Added Grouped Query Attention to scaled_dot_product_attention API

jainapurva · August 1, 2024, 6:31pm

Grouped Query Attention in SDPA: PR#128898

Grouped Query Attention (GQA) has emerged as an important technique to reduce the memory usage of the kv cache during inference. It has become increasingly popular in many foundational LLM models like llama2 70b and llama3. We have added this support to SDPA.

Reference paper: [2305.13245] GQA: Training Generalized Multi-Query Transformer Models from Multi-Head Checkpoints

API Updates:

Added a new kwarg enable_gqa:Bool to the existing scaled_dot_product_attention function. The default value is False (which would ensure regular SDPA functionality).
The GQA cannot be used as default, as this memory layout is not supported by strides on, hence it needs to be explicitly enabled.
The last third dimension (-3) in the query, key and value tensor has been set as a dedicated head-dimension.

Important Notes:

GQA is supported only by math and flash_attention kernels.

Implementation details:

Following constraint are validated before performing GQA
Query.head_dim % Key.head_dim == 0
Query.head_dim % Value.head_dim == 0
Key.head_dim == Value.head_dim
If all conditions pass, in math kernel repeat_interleave is performed on the key and value tensors to match the query tensor’s head dimension, while in flash attention repeat interleave is not needed, hence we conserve memory in the forward pass.
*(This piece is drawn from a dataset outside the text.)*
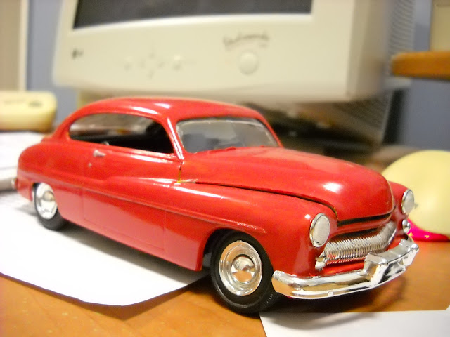 This is a kit I finished about half a year ago. Basically to start with, I got rid of the side pillar and the window supports. It sat completed for a while and annoyed me everytime I walked past. I wanted to chop the roof but I didn't know how and didn't have the guts to chop it. One night I said, stuff it! I'm finally going to chop it. I basically chopped the roof around 7mm and extended the back of the roof with a piece of a 1953 Belair and putty. I also changed the wheels to wheels from my Revell 29' Pickup.

# Sample call to SDPA - GQ
query = torch.rand(batch, 32, seq_len_q, D)
key = torch.rand(batch, 8, seq_len_kv, D)
value = torch.rand(batch, 8, seq_len_kv, D)
output = scaled_dot_product_attention(query, key, value, is_causal=True, enable_gqa = True)

# Output Shape
(batch, 32, seq_len_q, D)

Benchmarking:

TorchTitan: PR#458

Profiling using Perfetto, on running TorchTitan training for Llama-8b

When SDPA is called without GQA, aten::reshape is called for both key and value tensor. The reshape call takes approximately 120us per call, which means approx 240us for 2 calls, while the flash_fwd_kernel takes approximately 3ms. In an ideal scenario, by removing these calls from the FlashAttention kernel, each SDPA flash kernel run will save 240us, which makes it ~6% faster than the previous runtime.

SDPA call without enable_gqa

SDPA call with enable_gqa

SDPA Benchmarking: PR#130634

Graphs representing SDPA function run time with different parameters (batch size, number of key-value heads, number of query heads) with enable_gqa=True and enable_gqa=False.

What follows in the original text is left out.